Vamos ahora, pues, con la segunda objeción. De acuerdo, se nos podría decir, quizá no sea ilógico sentir orgullo por tu país; pero ¿acaso no es peligroso? ¿No es el orgullo patrio la fuente de mil y una desgracias?: guerras y rivalidades entre países, discriminaciones al foráneo, cerrazón ante ideas ajenas, contemplación obnubilada del propio ombligo… ¡o incluso de la propia y feúcha tripita!

Sin negar que estos, y otros muchos males, son bien reales y punzantes, quien así razona olvida una enseñanza fundamental de Aristóteles y de nuestras abuelas: en el medio está la virtud. Es decir, cualquier cosa bella y buena (comer sano, acariciar a alguien, mostrar valentía) puede convertirse en fea y mala (ortorexia, abuso sexual, temeridad) con solo irse a su exceso. Y naturalmente eso también le acaece a algo bello y bueno como el orgullo nacional. Siempre cabe exagerarlo hasta el patrioterismo.

Ahora bien, si en el medio está la virtud, también cabe el riesgo de quedarse cortos. Esto es lo que todos los asustados con las posibles consecuencias negativas del orgullo nacional suelen olvidar. ¿Cómo llamar a la falta de este orgullo, sino baja autoestima? Y ¿por qué habría de ser conveniente esta para las naciones? Vivimos en una sociedad obsesionada con que ningún estudiante reduzca su autoestima por suspender un examen, ¿por qué en cambio eso habría de ser bueno para toda una nación? Si la baja autoestima de una persona le impide dar lo mejor de sí, ¿no ocurre acaso lo mismo con los países, incapaces de confiar en sus propias fuerzas a la hora de abordar sus retos como grupo?

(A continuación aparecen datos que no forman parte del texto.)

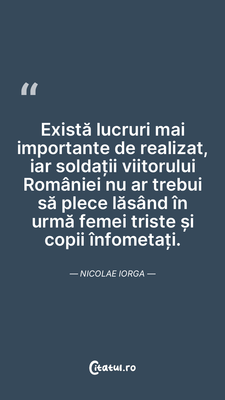 Există lucruri mai importante de realizat, iar soldații viitorului României nu ar trebui să plece lăsând în urmă femei triste și copii înfometați. Nicolae Iorga
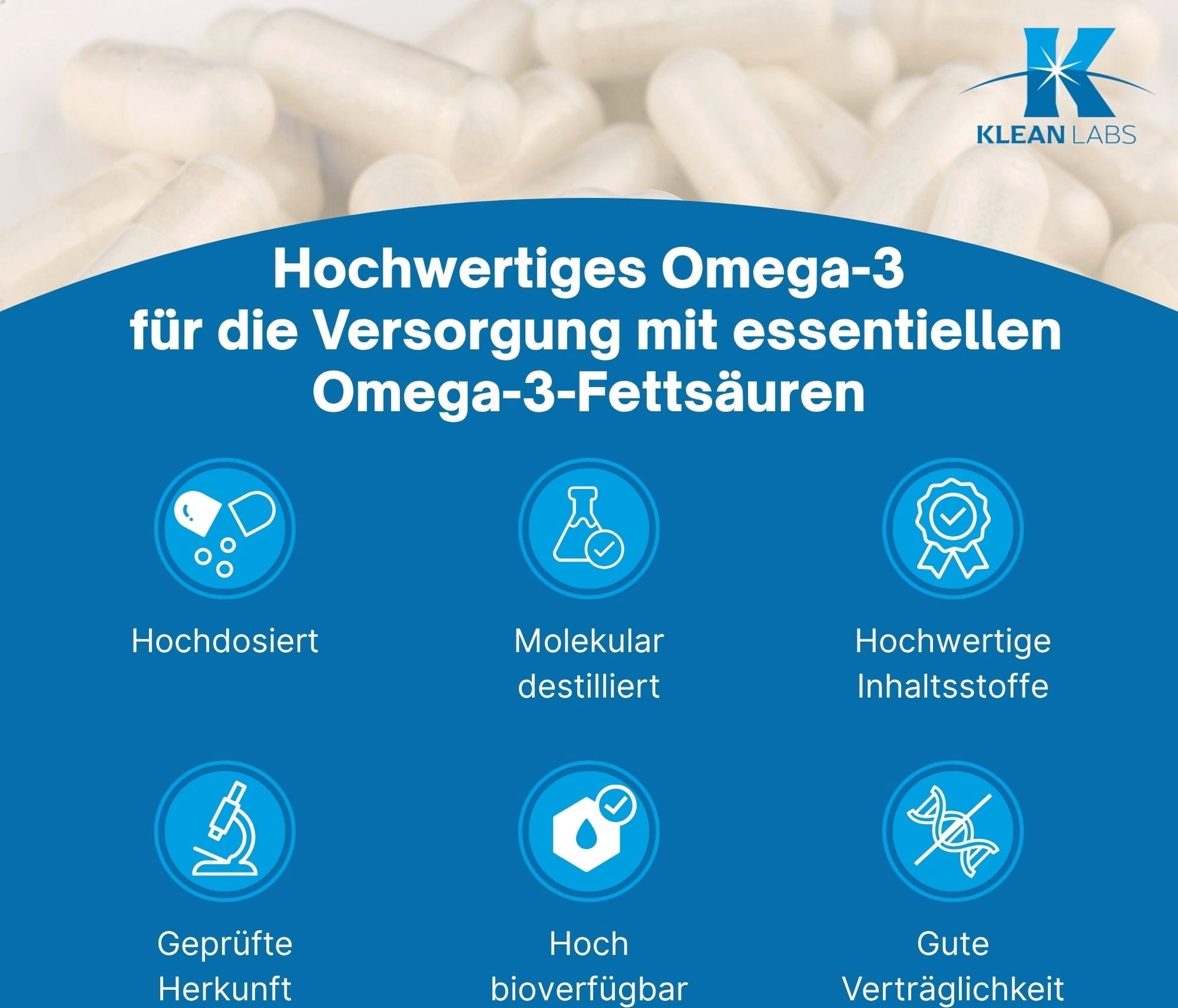 Las cápsulas blandas de aceite de pescado con omega-3 de Klean Labs contienen aceite de pescado, que es una fuente natural de ácidos grasos omega-3. Cada cápsula blanda proporciona 390 mg de ácidos grasos omega-3 (en su forma natural de triglicéridos), incluidos 192 mg de ácido eicosapentaenoico y 120 mg de ácido docosahexaenoico.

Esta paradoja siempre me ha llamado la atención en muchas gentes de izquierda, a menudo demasiado insistentes en no perjudicar la autoestima de ningún pipiolo, pero luego desdeñosas hacia nuestra autoestima como españoles. La encuesta de Elcano con que empezábamos este artículo parece, empero, insinuar el final de esa moda. Y también la de otra que no podemos abordar aquí, aunque la hayamos mencionado antes: la de quienes aceptan que el orgullo nacional es posible, pero por favor, dónde vamos a llegar, no el de un país tan malote como España, sino solo el de otras entidades (sean estas Dinamarca, Cataluña o el País Leonés).

Esta última batalla, por cierto, la de combatir la leyenda negra y su sistemática denigración de España, lleva tiempo lidiándose por nuestros mejores historiadores; rindámosles aquí un cierto agradecimiento, pues parece claro que sus frutos comienzan a prosperar. O lo diré mejor con lo que aquí hemos argumentado: nos podemos sentir orgullosos de todos estos intelectuales antinegrolegendarios. Se trata sin duda, en la guerra cultural que hoy asola España, de uno de los pocos campos de batalla en que parece ir venciendo la verdad.